May 6. Equivalence relations.

            Reading: Section 14, Section 15 (optional). Problems: 14.1, 14.3, 14.5, 14.7, 14.8.

 

May 8. Quiz 5. Binomial coefficients.

            Reading: Section 16. Problems: 16.1-16.9, 16.11.

 

May 11. Binomial coefficients. Proofs: indirect arguments.

              Week 6 answers. Reading: Sections 19. Problems: 19.1-19.3, 19.7, 19.10. Homework 7: 20.6 (due May 18).

 

May 13. Proofs by contrapositive and by contradiction.

              Reading: Section 20. Problems: 20.1-20.5, 20.7.

 

May 15. Quiz 6. Induction.

              Reading: Section 21. Problems: 21.3-21.6.

 

May 18. Induction. Recurrence relations.

              Week 7 answers. Reading: Sections 21 & 22 (optional: sequences generated by polynomials). Problems: 22.1, 22.2. Homework 8:  none.

 

May 20. Quiz 7. Recurrence relations.

 

May 22. Midterm 2. (lectures of May 4 – May 20).

 

May 25. No class (Memorial day). Homework 9: 23.11 (due June 1).

 

May 27. Functions.

              Reading: Section 23. Problems: 23.1-23.5, 23.9, 23.12, 23.14.

 

May 29. The Pigeonhole principle.

              Reading: Section 24. Problems: 24.1-24.7, 24.9.

      

June 1. Quiz 8. Cantor’s theorem.

             Week 9 answers.

 

June 3. Basics of Number Theory.           

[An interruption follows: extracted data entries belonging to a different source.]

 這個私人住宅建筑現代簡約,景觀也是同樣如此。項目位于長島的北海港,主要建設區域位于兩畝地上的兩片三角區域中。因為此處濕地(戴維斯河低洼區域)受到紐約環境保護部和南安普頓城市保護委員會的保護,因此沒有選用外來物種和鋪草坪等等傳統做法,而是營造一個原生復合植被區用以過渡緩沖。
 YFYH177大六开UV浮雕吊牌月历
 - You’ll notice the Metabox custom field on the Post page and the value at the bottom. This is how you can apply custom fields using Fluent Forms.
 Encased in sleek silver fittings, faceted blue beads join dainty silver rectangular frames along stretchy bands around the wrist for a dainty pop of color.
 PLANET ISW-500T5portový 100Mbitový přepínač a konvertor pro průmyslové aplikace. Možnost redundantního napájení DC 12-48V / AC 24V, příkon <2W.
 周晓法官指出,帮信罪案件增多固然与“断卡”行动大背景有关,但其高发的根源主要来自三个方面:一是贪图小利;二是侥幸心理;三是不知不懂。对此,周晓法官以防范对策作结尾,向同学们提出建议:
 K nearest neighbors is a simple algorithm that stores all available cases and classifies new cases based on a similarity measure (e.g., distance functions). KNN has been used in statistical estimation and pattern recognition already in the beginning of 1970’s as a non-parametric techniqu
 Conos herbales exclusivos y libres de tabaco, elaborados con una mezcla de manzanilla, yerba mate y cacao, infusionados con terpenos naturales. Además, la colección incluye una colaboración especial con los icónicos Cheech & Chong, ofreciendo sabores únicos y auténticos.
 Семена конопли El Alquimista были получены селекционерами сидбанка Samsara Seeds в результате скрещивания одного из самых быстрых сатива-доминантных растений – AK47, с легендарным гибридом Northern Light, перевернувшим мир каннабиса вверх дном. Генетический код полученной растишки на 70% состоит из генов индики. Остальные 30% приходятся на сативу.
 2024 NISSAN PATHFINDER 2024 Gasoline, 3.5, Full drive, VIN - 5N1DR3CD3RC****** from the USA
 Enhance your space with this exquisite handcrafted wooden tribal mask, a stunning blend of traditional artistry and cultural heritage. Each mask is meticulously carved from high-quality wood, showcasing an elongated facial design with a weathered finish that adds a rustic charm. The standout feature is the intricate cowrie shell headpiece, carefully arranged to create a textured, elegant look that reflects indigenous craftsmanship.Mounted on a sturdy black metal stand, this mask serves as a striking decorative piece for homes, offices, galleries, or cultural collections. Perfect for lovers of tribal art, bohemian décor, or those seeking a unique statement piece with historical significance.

            Reading: Section 34. Notes on the Euclidean Algorithm.

 

June 5. Greatest common divisor. The Euclidean Algorithm.

            The divisor plot.

 

June 8. The Fundamental Theorem of Arithmetic.

 

Office hours: June 8, 2-3 P.M. (Korman 247)

                     June 9, 12-1+ P.M. (Korman 253)

 

June 12.  Final exam 10:30-12:30, Curtis 451.